AIM OF THE TASK
Required from the data below: the exact lines starting at the line containing "装备分为基础属性+基础技能+" and ending at the line containing "Fonction chronographe, affichage", with both ends kept and all pictures dropped.

EXERCISE MATERIAL
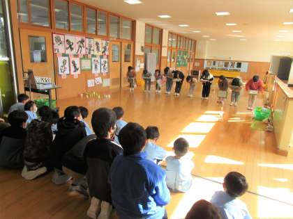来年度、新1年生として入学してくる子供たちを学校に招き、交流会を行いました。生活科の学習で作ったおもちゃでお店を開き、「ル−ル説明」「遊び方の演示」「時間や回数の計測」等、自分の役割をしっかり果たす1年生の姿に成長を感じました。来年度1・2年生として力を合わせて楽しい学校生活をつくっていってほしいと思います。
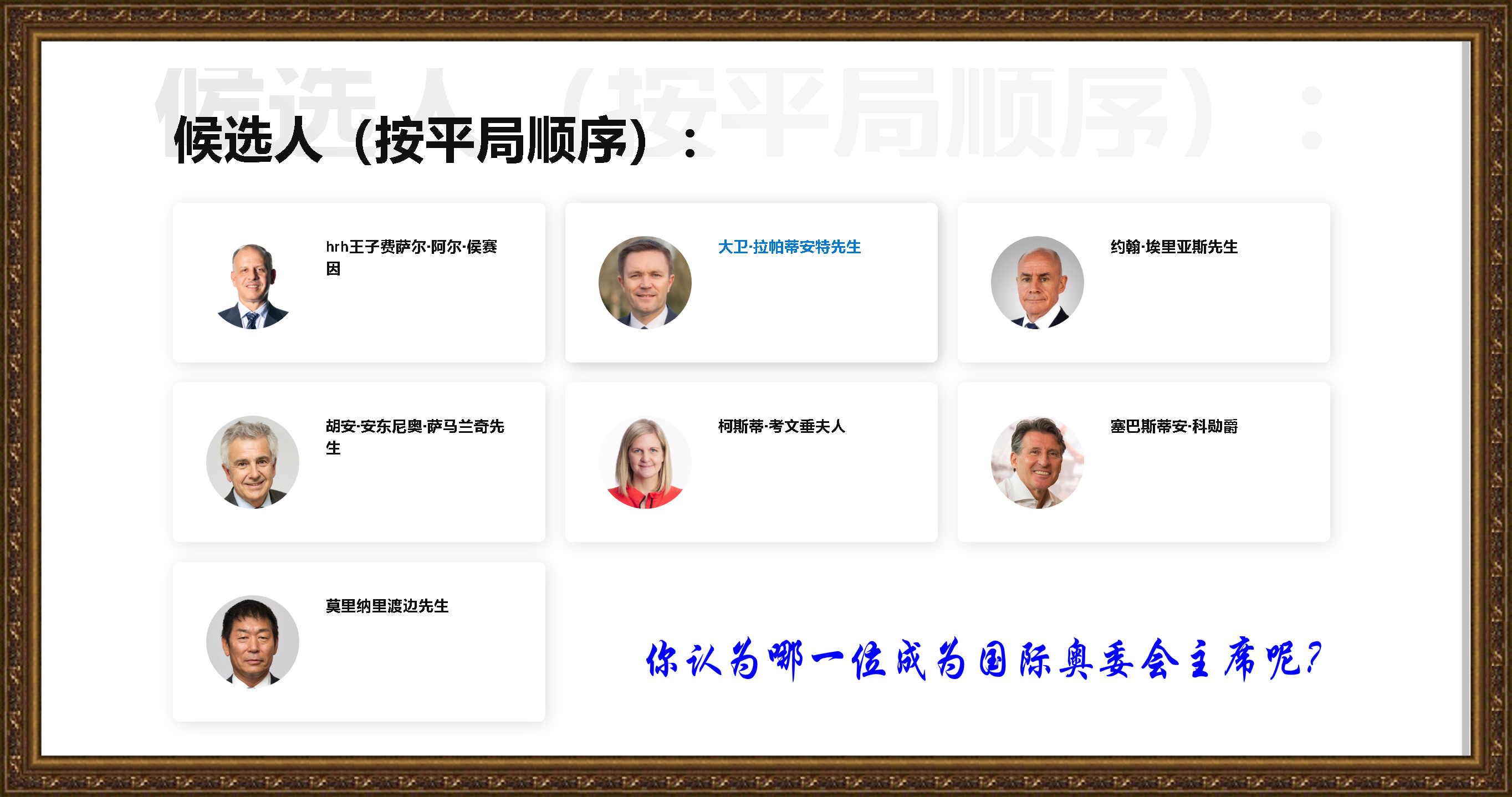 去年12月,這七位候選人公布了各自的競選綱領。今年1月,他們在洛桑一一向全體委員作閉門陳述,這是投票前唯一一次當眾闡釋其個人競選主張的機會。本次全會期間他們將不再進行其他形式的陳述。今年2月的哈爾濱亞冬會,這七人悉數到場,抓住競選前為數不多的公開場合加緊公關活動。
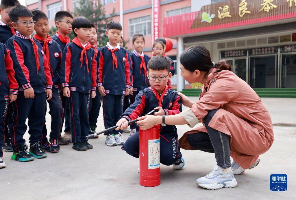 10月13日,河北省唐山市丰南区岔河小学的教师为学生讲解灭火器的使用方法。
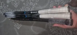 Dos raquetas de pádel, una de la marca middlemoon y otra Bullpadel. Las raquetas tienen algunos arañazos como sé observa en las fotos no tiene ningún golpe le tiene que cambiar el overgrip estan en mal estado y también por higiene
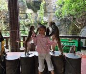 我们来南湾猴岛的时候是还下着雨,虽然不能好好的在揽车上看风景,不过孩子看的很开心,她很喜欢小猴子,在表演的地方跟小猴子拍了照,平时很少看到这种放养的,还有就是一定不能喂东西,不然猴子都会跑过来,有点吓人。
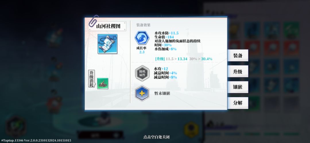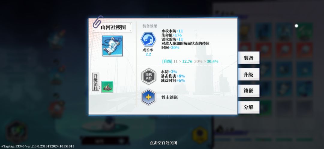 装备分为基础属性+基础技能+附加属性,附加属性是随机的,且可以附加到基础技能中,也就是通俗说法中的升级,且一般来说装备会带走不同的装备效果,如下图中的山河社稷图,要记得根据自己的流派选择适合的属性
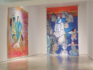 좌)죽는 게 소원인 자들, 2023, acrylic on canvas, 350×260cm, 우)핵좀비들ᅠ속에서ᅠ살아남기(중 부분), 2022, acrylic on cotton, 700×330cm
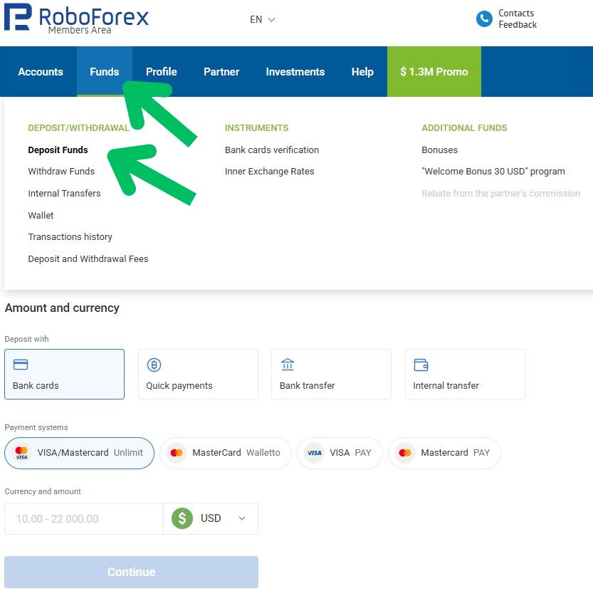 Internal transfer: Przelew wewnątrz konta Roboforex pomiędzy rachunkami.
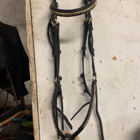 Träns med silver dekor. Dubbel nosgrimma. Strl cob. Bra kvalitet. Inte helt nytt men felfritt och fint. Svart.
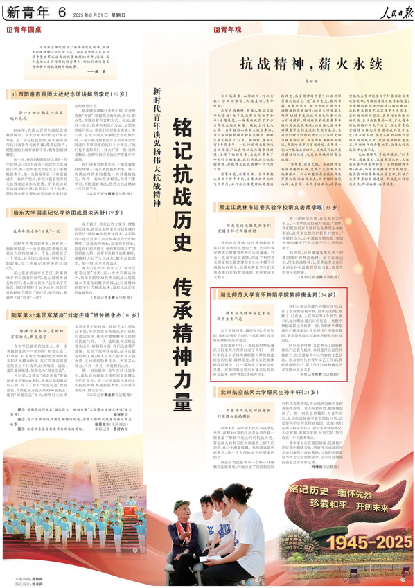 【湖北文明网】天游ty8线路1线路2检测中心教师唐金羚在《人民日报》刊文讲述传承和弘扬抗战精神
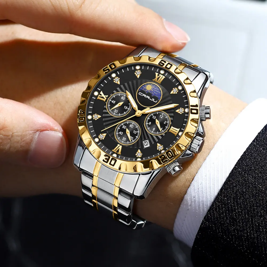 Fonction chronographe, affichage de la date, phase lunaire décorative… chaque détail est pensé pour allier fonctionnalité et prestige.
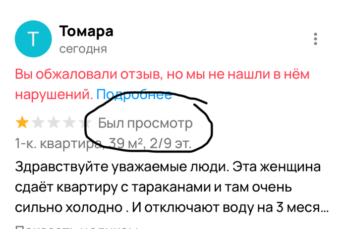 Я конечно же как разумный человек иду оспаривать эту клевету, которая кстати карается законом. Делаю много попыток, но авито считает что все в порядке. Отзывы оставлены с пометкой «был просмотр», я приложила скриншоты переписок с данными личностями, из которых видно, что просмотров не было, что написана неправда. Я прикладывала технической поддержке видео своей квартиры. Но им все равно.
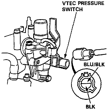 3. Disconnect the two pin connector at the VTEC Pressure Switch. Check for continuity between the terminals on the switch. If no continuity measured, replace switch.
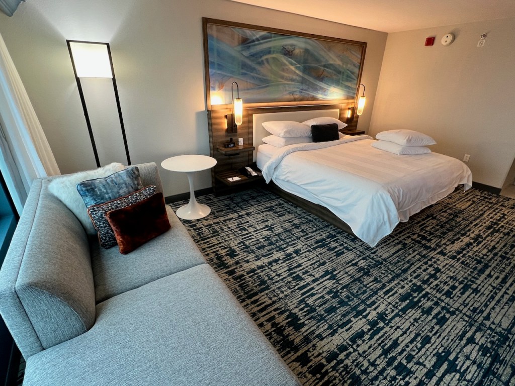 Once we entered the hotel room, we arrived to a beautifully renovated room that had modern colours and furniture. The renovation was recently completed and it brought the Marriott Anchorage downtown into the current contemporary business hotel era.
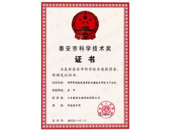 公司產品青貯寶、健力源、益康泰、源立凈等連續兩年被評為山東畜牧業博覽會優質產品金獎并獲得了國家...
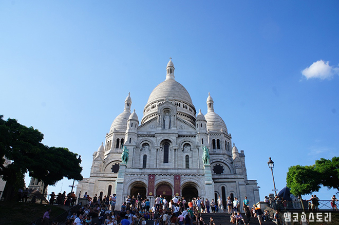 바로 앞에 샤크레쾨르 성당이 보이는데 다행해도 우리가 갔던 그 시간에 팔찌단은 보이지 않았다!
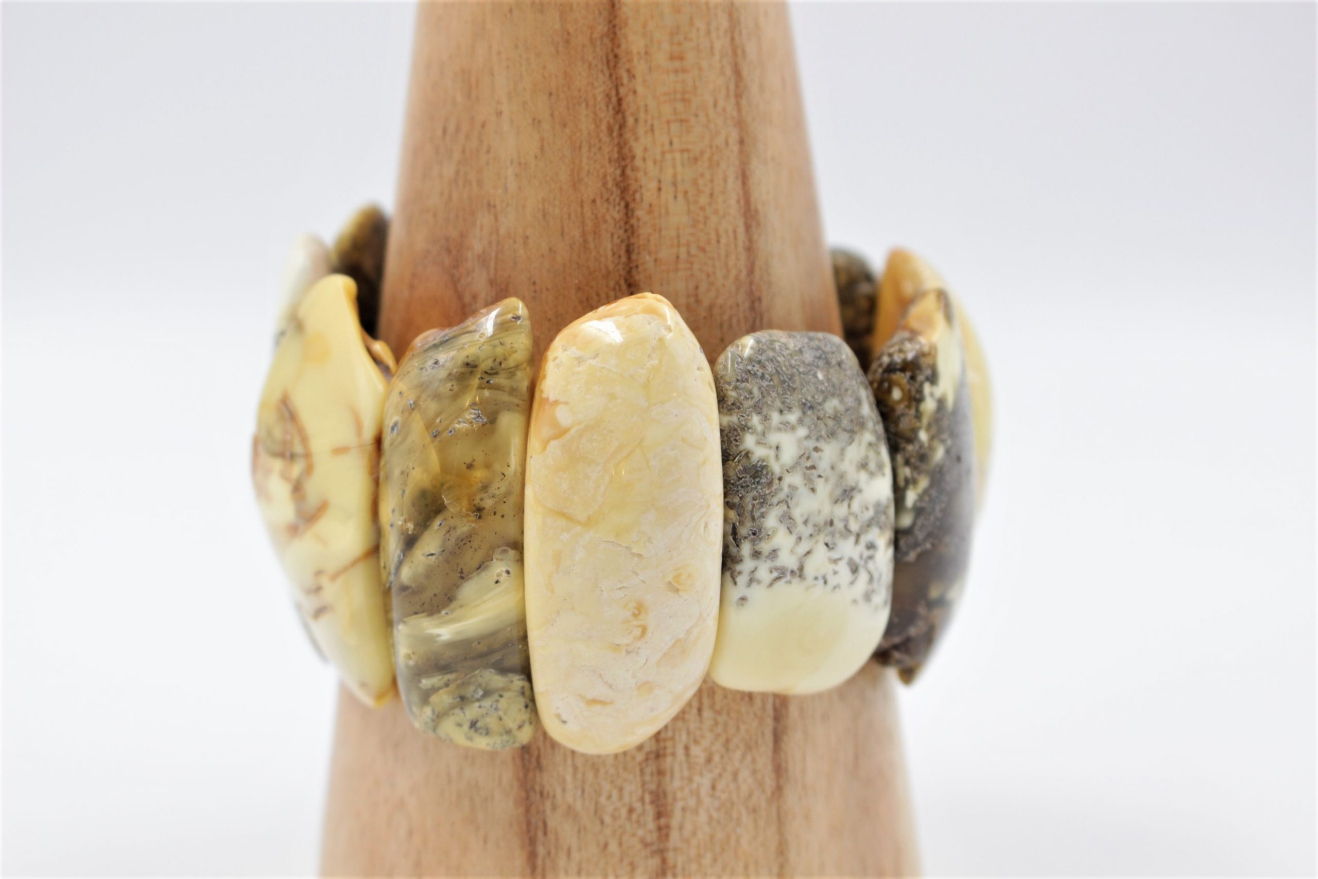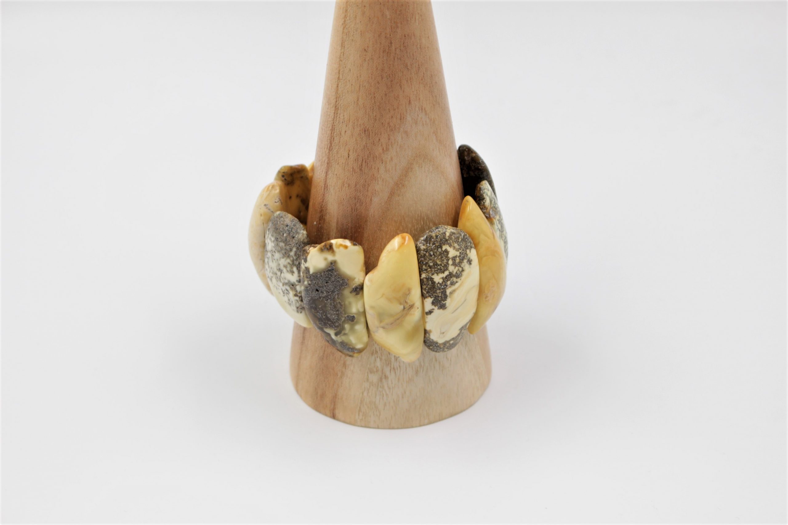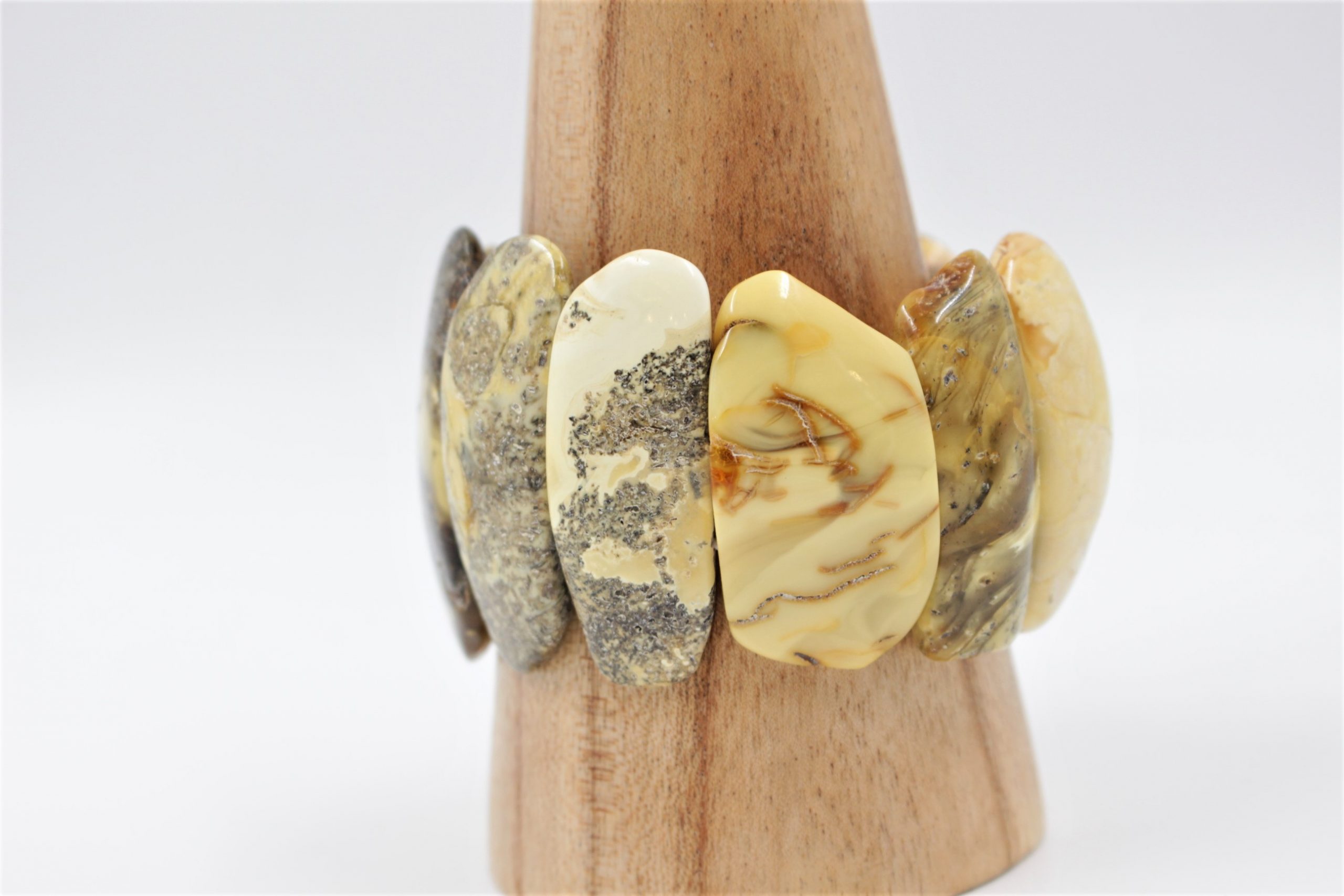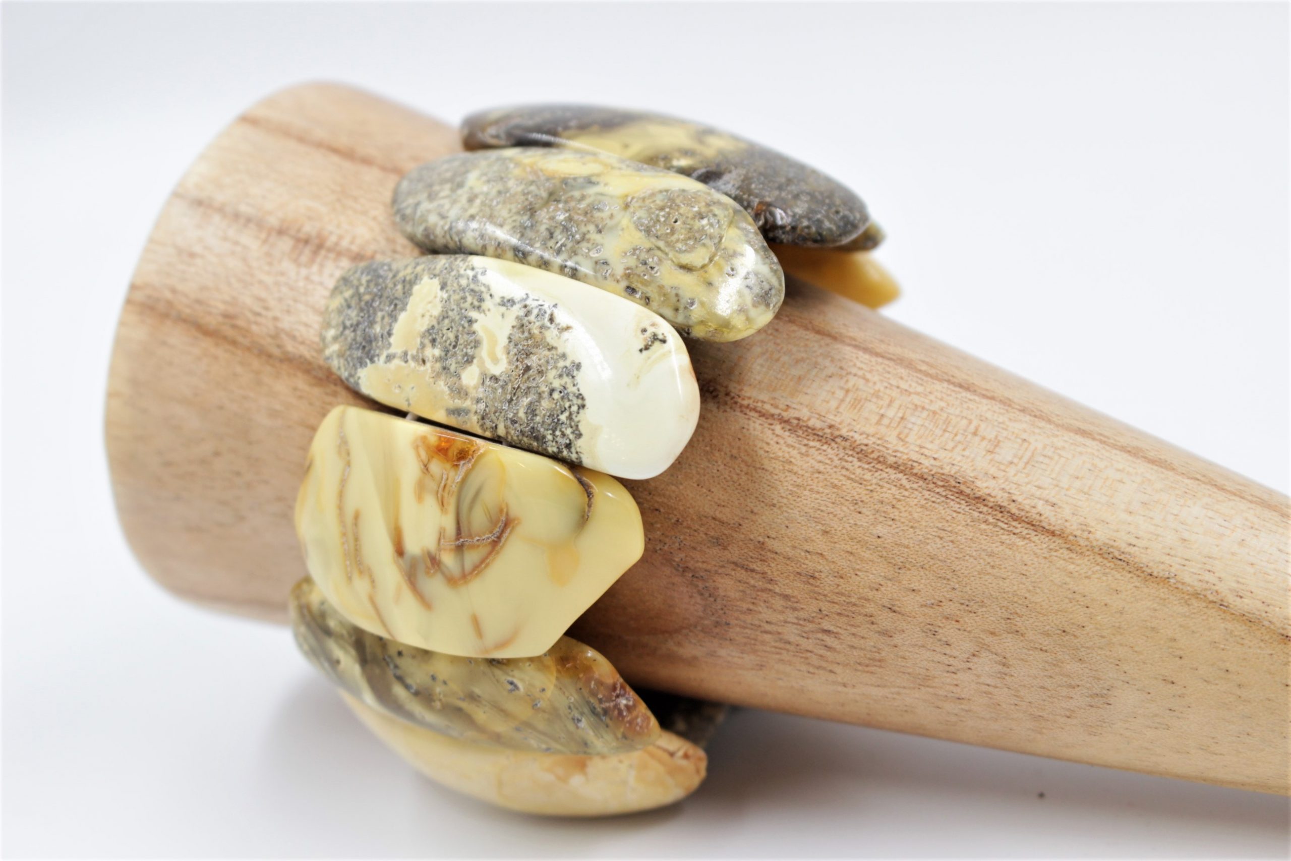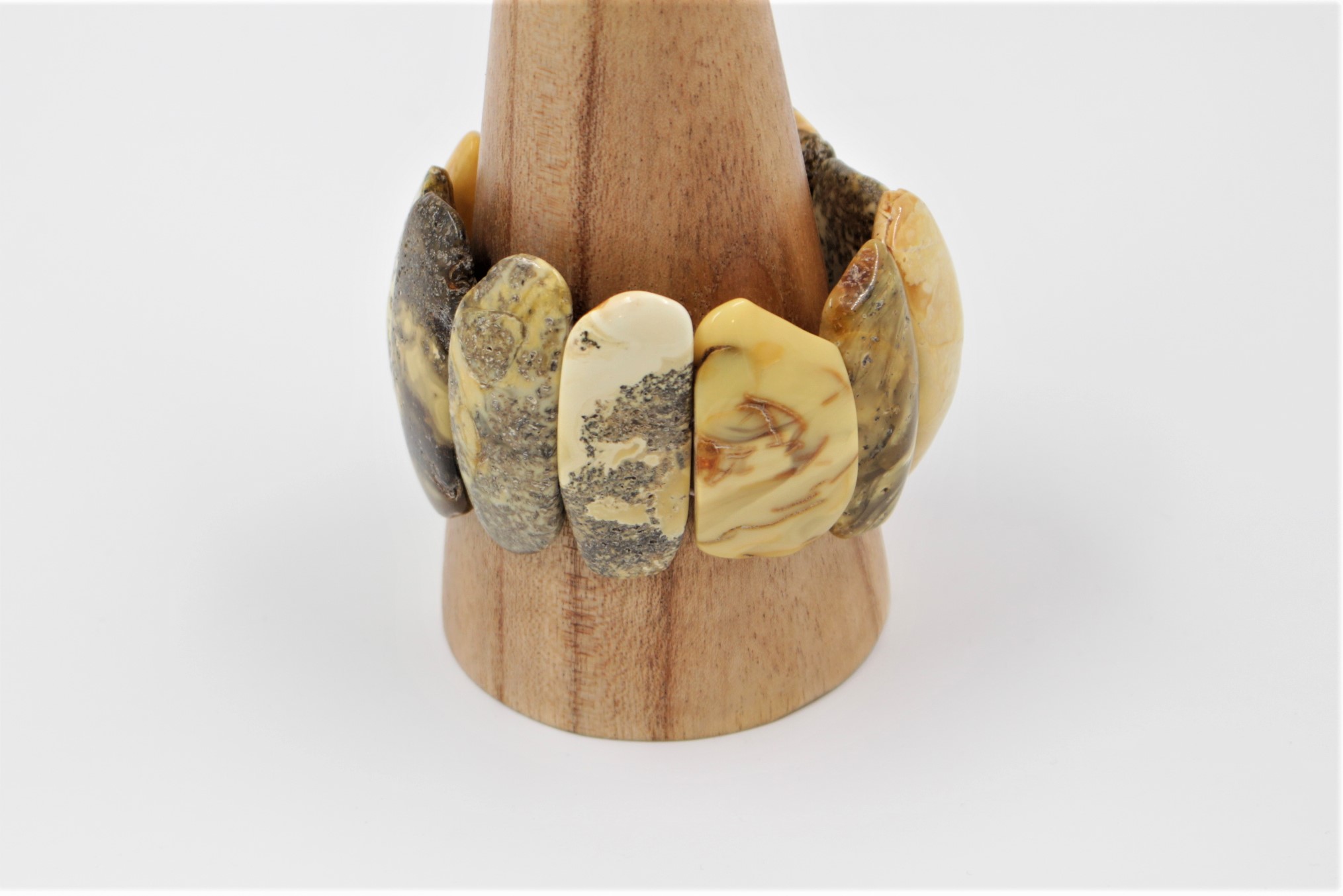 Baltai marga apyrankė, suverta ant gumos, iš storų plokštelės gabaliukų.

RESPONSE TO THIS TASK
 装备分为基础属性+基础技能+附加属性,附加属性是随机的,且可以附加到基础技能中,也就是通俗说法中的升级,且一般来说装备会带走不同的装备效果,如下图中的山河社稷图,要记得根据自己的流派选择适合的属性
 좌)죽는 게 소원인 자들, 2023, acrylic on canvas, 350×260cm, 우)핵좀비들ᅠ속에서ᅠ살아남기(중 부분), 2022, acrylic on cotton, 700×330cm
 Internal transfer: Przelew wewnątrz konta Roboforex pomiędzy rachunkami.
 Träns med silver dekor. Dubbel nosgrimma. Strl cob. Bra kvalitet. Inte helt nytt men felfritt och fint. Svart.
 【湖北文明网】天游ty8线路1线路2检测中心教师唐金羚在《人民日报》刊文讲述传承和弘扬抗战精神
 Fonction chronographe, affichage de la date, phase lunaire décorative… chaque détail est pensé pour allier fonctionnalité et prestige.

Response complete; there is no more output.